There was little regulation of commercial agency relationships before the introduction of the EU Council Directive 86/653/EEC on the Co-ordination of the Laws of the Member States Relating to Self-Employed Commercial Agents (“the Directive”), implemented through the Commercial Agents (Council Directive) Regulations 1993 (“the Regulations”). A main purpose of the Directive was to strengthen the position of the commercial agent in relation to the principal. The Regulations follow the wording of the Directive closely.

Within the wide common law framework, there are commercial agency agreements that are subject to the Regulations and commercial agency agreements that are not. Determining whether an agreement is within or outside the scope of the Regulations is important to identify what regulatory provisions might apply.

POST-BREXIT UPDATE: EU-derived legislation made under s.2(2) of the European Communities Act 1972 will continue to have effect in domestic law now that the UK has left the EU, pursuant to s.2 of the European Union (Withdrawal) Act 2018 (as amended by s.25 of the European Union (Withdrawal Agreement) Act 2020). As such, the Regulations continue to apply after the transition period expired on 31 December 2020, unless and until the UK Parliament decides to change or repeal this legislation.

Note, however, that the UK is no longer bound by CJEU decisions handed down after the expiry of the transition period, although the domestic courts may have regard to these decisions. Pre-expiry CJEU decisions continue to have force, but may be departed from by the higher courts in Great Britain.


The application of the Regulations

The Regulations give “commercial agents”, which are defined here more narrowly than at common law, stronger rights than those implied at common law.

The scope of the application of the Regulations is set out in Regulation 1(2). The Regulations apply to the relationship between commercial agents and their principals and primarily have territorial application: they govern the activities of commercial agents in England and Wales.

The primary rights afforded to agents under the Regulations are:

  • rights to a minimum notice period for termination, and
  • a right to compensation or indemnity on termination.


Parties are unable to contract out of the majority of the terms of the Regulations, and many can only be excluded if this operates in the agent’s favour.
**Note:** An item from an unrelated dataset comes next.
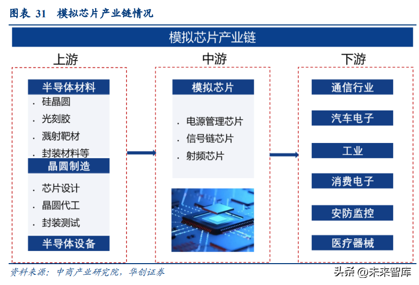 模(mo)(mo)擬芯(xin)(xin)(xin)片(pian)下游應用種類豐富。模(mo)(mo)擬芯(xin)(xin)(xin)片(pian)上游包括半(ban)導體(ti)材料、晶圓制造和(he)(he)半(ban)導體(ti)設備; 模(mo)(mo)擬芯(xin)(xin)(xin)片(pian)按功能(neng)劃分(fen)可分(fen)為(wei)電(dian)源管理芯(xin)(xin)(xin)片(pian)、信號鏈芯(xin)(xin)(xin)片(pian)和(he)(he)射頻芯(xin)(xin)(xin)片(pian);模(mo)(mo)擬芯(xin)(xin)(xin)片(pian)下游應用 領域十分(fen)廣泛(fan),包含通信行業(ye)、汽車電(dian)子、工業(ye)、消費電(dian)子、安防監控、醫療器(qi)械等。

Some flexibility is permitted, in that Regulation 1(3) allows the parties to expressly agree that the agency agreement is to be governed by the laws of another Member State. The agent however, still benefits from the protection of the Directive by way of the implementing legislation in that Member State’s jurisdiction. Where the parties agree to the application of the law of a non-EU country to their agreement, the Regulations are intended to override that choice in respect of activities carried out by the agent within Great Britain.

The Regulations do not apply where an agent is appointed for a territory outside the EEA, even where English law (or that of another EEA Member State) governs the agency agreement. Common law will govern these relationships.

What are the differences from other intermediaries?

Definition of Commercial Agent

English common law broadly defines “agent” to be any person acting on behalf of another person, namely the principal.

Regulation 2(1) defines a “commercial agent” more narrowly as an intermediary who satisfies the following elements:

  • the need to be self-employed;
  • the need to have continuing authority to negotiate;
  • the authority to negotiate must be in relation to the sale or purchase of goods;
  • the agent must act on behalf of another person.


The Regulations therefore apply to both limited agents (with authority to negotiate) and full common law agents (with authority to negotiate and conclude contracts for sale or purchase of goods). The definition does not include the sale or purchase of services and the case law suggests that undisclosed principals may not come under the Regulations.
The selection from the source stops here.